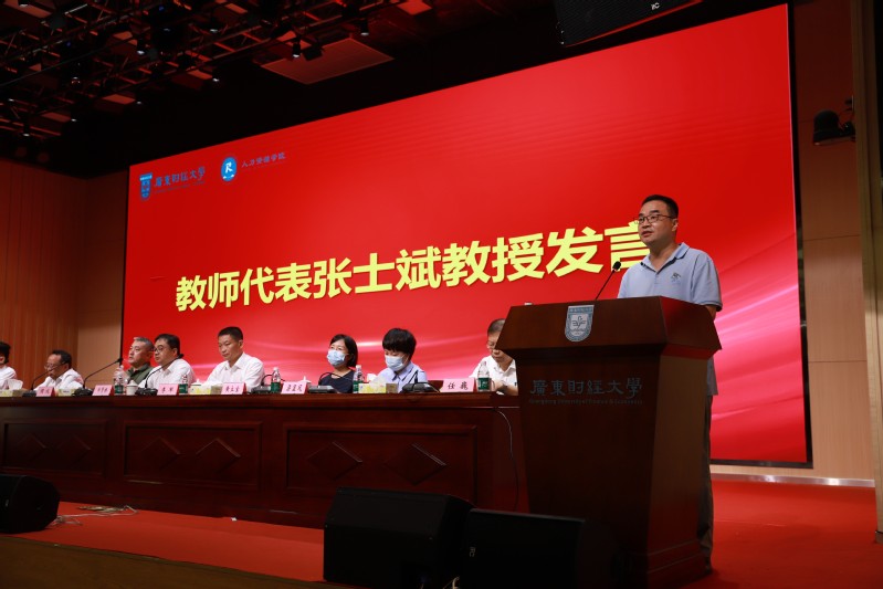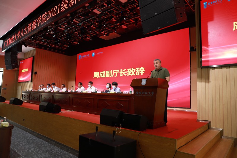 周成致辞,他代表广东省人力资源社会保障厅对我校人力资源学院成立表示热烈祝贺,并对我校成立人力资源学院这一战略举措充分肯定。周成指出,人力资源学院的成立必将有助于推动广东省人力资源和社会保障事业和人才事业的发展。他对人力资源学院的发展提出几点希望:第一,要强化特色办学,创新人才培养,坚持人才服务区域发展,努力打造一流的人才培养体系和社会服务平台。第二,全体教师要肩负起立德树人的使命,以赤诚之心、奉献之心、仁爱之心投身教育事业。第三,希望同学们能够珍惜时光,好好学习,掌握知识 本领,成为人力资源领域的佼佼者。
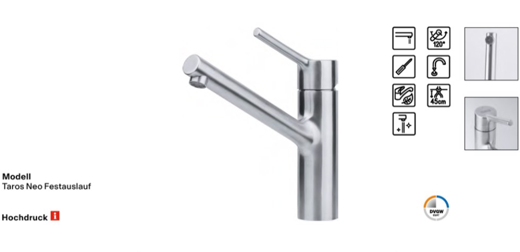 Einhebelmischer mit Festauslauf Hochdruck Küchenarmatur / Spültischarmatur ✅Lagerware! Oberfläche: Edelstahl Massiv
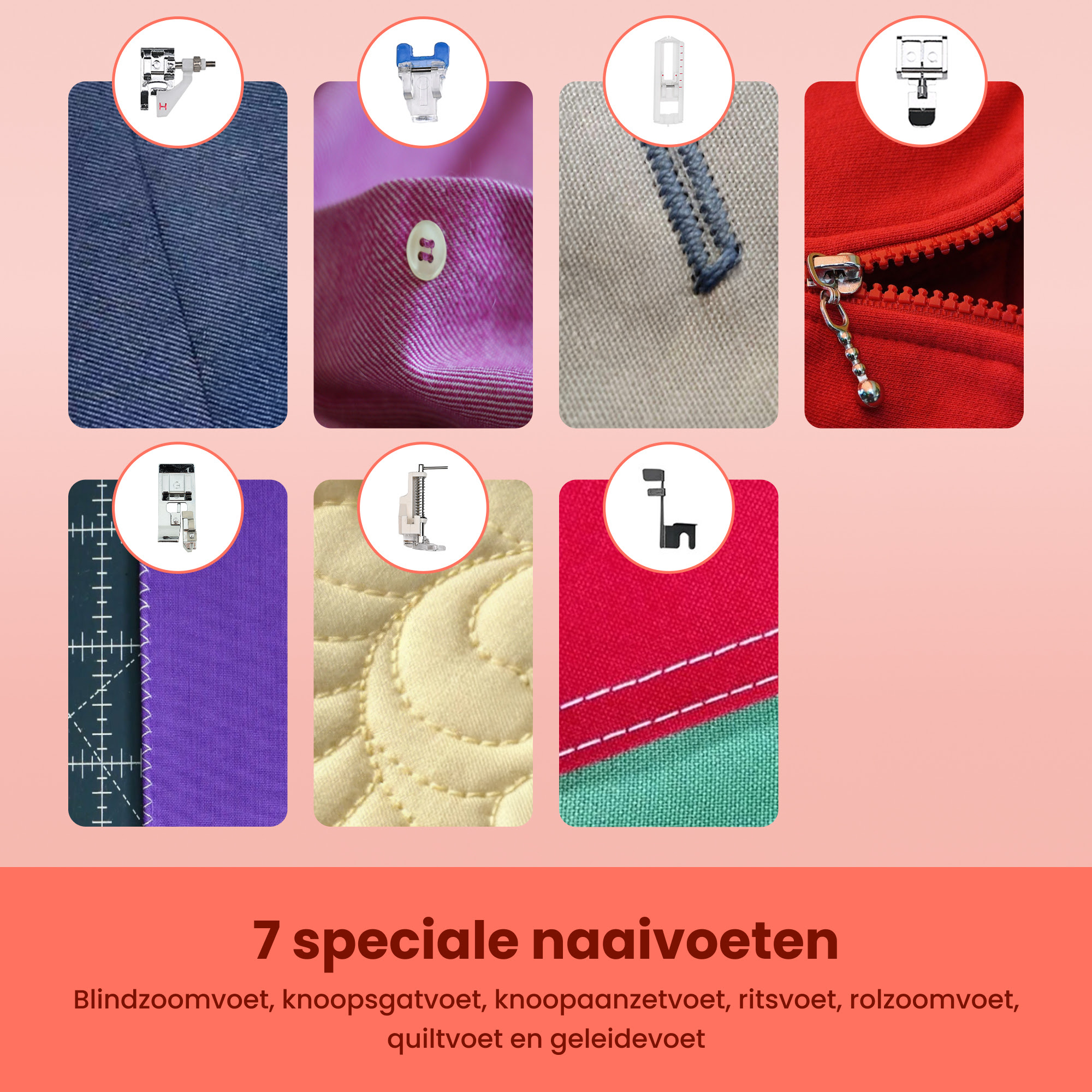 - Knoopaanzetvoet: bevestig knopen stevig en eenvoudig
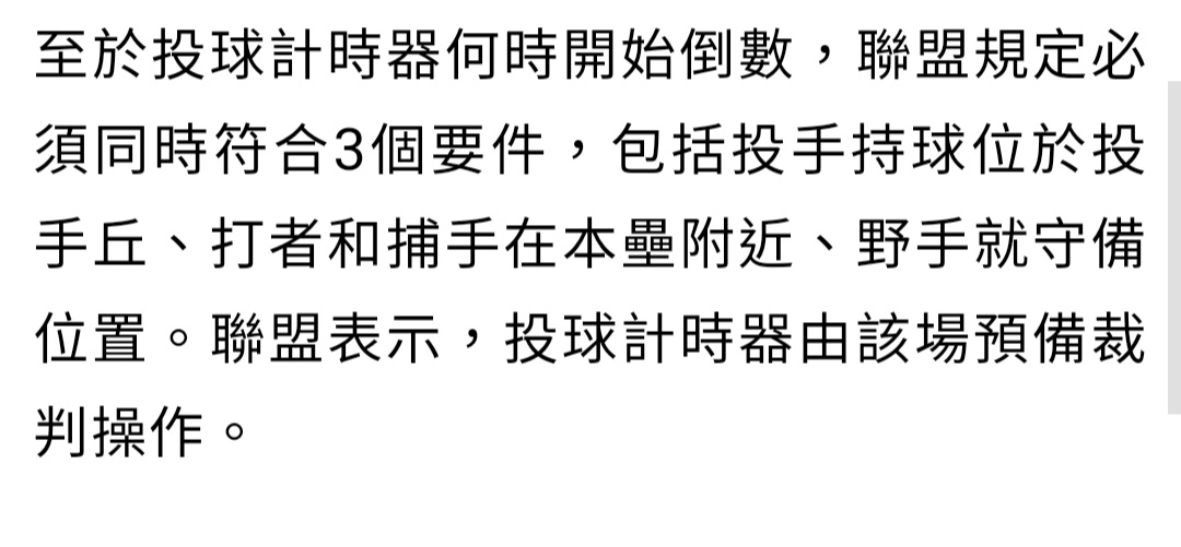 → Cohlint: 就抄一半的結果,MLB是捕手回傳投手接到球就開始計時, 03/31 20:36
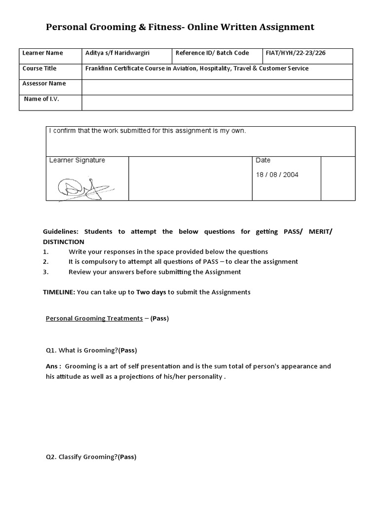 Learner Name Aditya s/f Haridwargiri Reference ID/ Batch Code FIAT/HYH/22-23/226
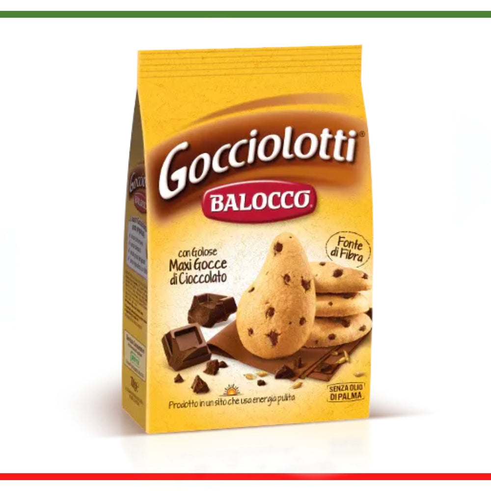 Biscuiti Gocciolotti Balocco. Biscuiti Gocciolotti Balocco cu chipsuri de ciocolata. Ingrediente: faina de GRAU 60.7% - zahar -bucati de ciocolata 14,6%,pasta de cacao, cacao praf, unt de cacao, lecitina de
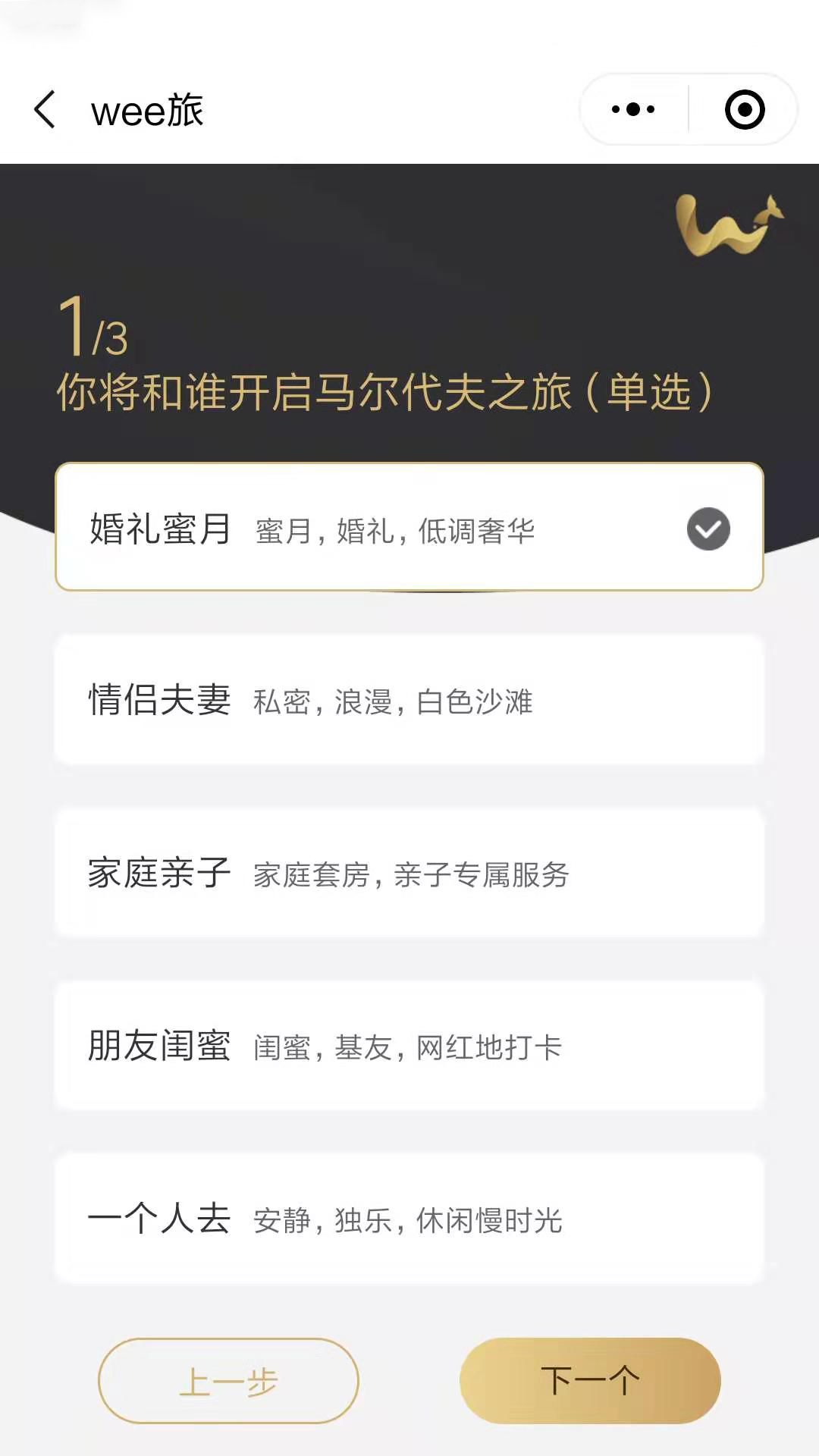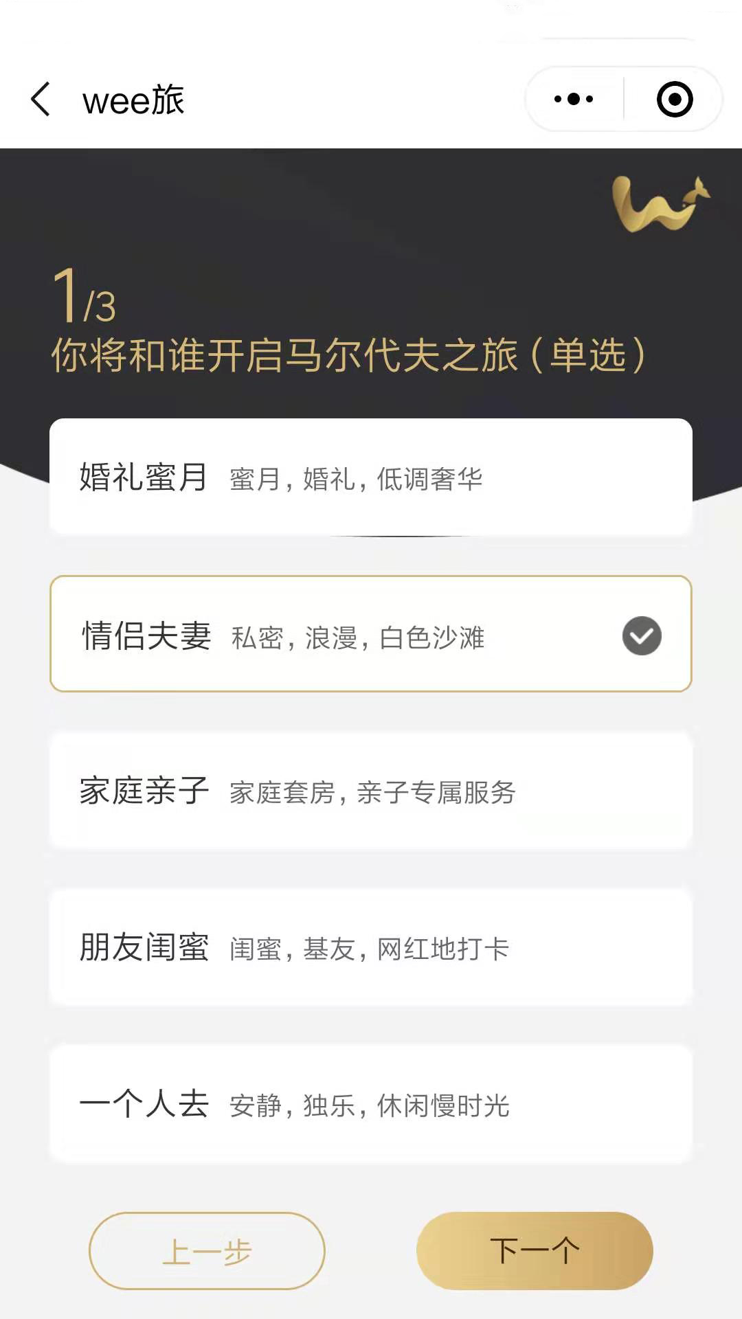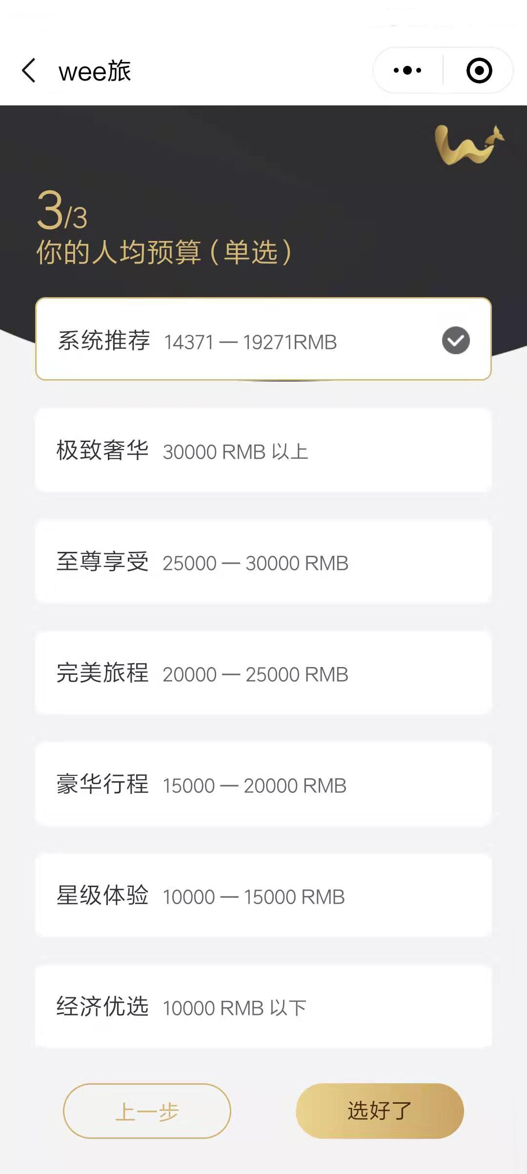 在上面的选项中选定自己心仪的选项后,需要选择自己的心理预期价位,如果对价位要求比较模糊的童鞋可以选择系统推荐项,这是wee旅结合大数据给出的参考综合消费水平,可提供一定的参考价值。

★ ★ ★ ★ ★ ★ ★

> Problem: Copy the material exactly. Do not include the pictures.

> Answer section:
 周成致辞,他代表广东省人力资源社会保障厅对我校人力资源学院成立表示热烈祝贺,并对我校成立人力资源学院这一战略举措充分肯定。周成指出,人力资源学院的成立必将有助于推动广东省人力资源和社会保障事业和人才事业的发展。他对人力资源学院的发展提出几点希望:第一,要强化特色办学,创新人才培养,坚持人才服务区域发展,努力打造一流的人才培养体系和社会服务平台。第二,全体教师要肩负起立德树人的使命,以赤诚之心、奉献之心、仁爱之心投身教育事业。第三,希望同学们能够珍惜时光,好好学习,掌握知识 本领,成为人力资源领域的佼佼者。
 Einhebelmischer mit Festauslauf Hochdruck Küchenarmatur / Spültischarmatur ✅Lagerware! Oberfläche: Edelstahl Massiv
 - Knoopaanzetvoet: bevestig knopen stevig en eenvoudig
 → Cohlint: 就抄一半的結果,MLB是捕手回傳投手接到球就開始計時, 03/31 20:36
 Learner Name Aditya s/f Haridwargiri Reference ID/ Batch Code FIAT/HYH/22-23/226
 Biscuiti Gocciolotti Balocco. Biscuiti Gocciolotti Balocco cu chipsuri de ciocolata. Ingrediente: faina de GRAU 60.7% - zahar -bucati de ciocolata 14,6%,pasta de cacao, cacao praf, unt de cacao, lecitina de
 在上面的选项中选定自己心仪的选项后,需要选择自己的心理预期价位,如果对价位要求比较模糊的童鞋可以选择系统推荐项,这是wee旅结合大数据给出的参考综合消费水平,可提供一定的参考价值。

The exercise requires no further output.